Edited by Walter Roberson
on 30 Mar 2013

Accepted answer

Use sub2ind()

Cedric Wannaz
on 30 Mar 2013

typo: sub2ind

To illustrate Walter's answer, if `M` is the matrix of data and `I` the matrix of column indices, you can do

rId = (1:size(M,1)).' * ones(1,size(M,2)) ; % Matrix of row indices.

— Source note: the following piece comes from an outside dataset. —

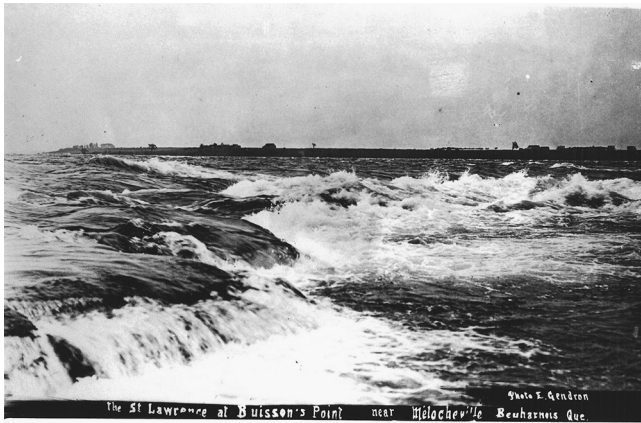
Les rapides, à Pointe-du-Buisson, Beauharnois, début du xx e siècle

tomahawks, des flèches et divers ustensiles en pierre » (Leduc 1920). Ce sont ces écrits et d'autres, conjointement avec la riche tradition orale de Beauharnois, qui ont mis la puce à l'oreille des membres de la SAPQ pour amorcer les fouilles archéologiques à cet endroit.

M_reordered = M(sub2ind(size(M), rId, I)) ;

Walter Roberson
on 30 Mar 2013

Oops, yes, I was concentrating on not putting an "s" in and so left out the "2" :(

Cedric Wannaz
on 30 Mar 2013

I thought that you had forgotten the "s" and I ended up realizing that it was a "2" ;-)

Answer by Anand
on 30 Mar 2013

If A is your original matrix and idx is the matrix of indices, you can use logical indexing: A(idx).

Here's an example:

>> A = rand(3)

A =

0.8147 0.9134 0.2785 0.9058 0.6324 0.5469 0.1270 0.0975 0.9575

>> idx = [9 8 7;6 5 4;3 2 1]

idx =

9 8 7 6 5 4 3 2 1

>> A(idx)

ans =

0.9575 0.5469 0.2785 0.0975 0.6324 0.9134 0.1270 0.9058 0.8147

Cedric Wannaz
on 30 Mar 2013

This is *linear indexing* actually; the `idx` matrix that you defined is essentially what we get after calling `sub2ind()` with a third arg that is a matrix of column indices for each row (different from linear index).

Answer by Piment
on 30 Mar 2013

Edited by Piment
on 30 Mar 2013

to be more specific, it's something like(it's actually 300 by 5500 in my case):

A =

0.9649 0.4854 0.9157 0.1576 0.8003 0.7922 0.9706 0.1419 0.9595 0.9572 0.4218 0.6557

idx =

1 3 2 3 1 2 2 1 3 3 2 1

Cedric Wannaz
on 30 Mar 2013

Walter's answer and my illustration should work; just replace `M` with `A` and `I` with `idx`.

## 1 Comment

## Ahmed A. Selman

Direct link to this comment:http://www.mathworks.com/matlabcentral/answers/69204#comment_139981

But matrices already are indexed arrays or vectors... right?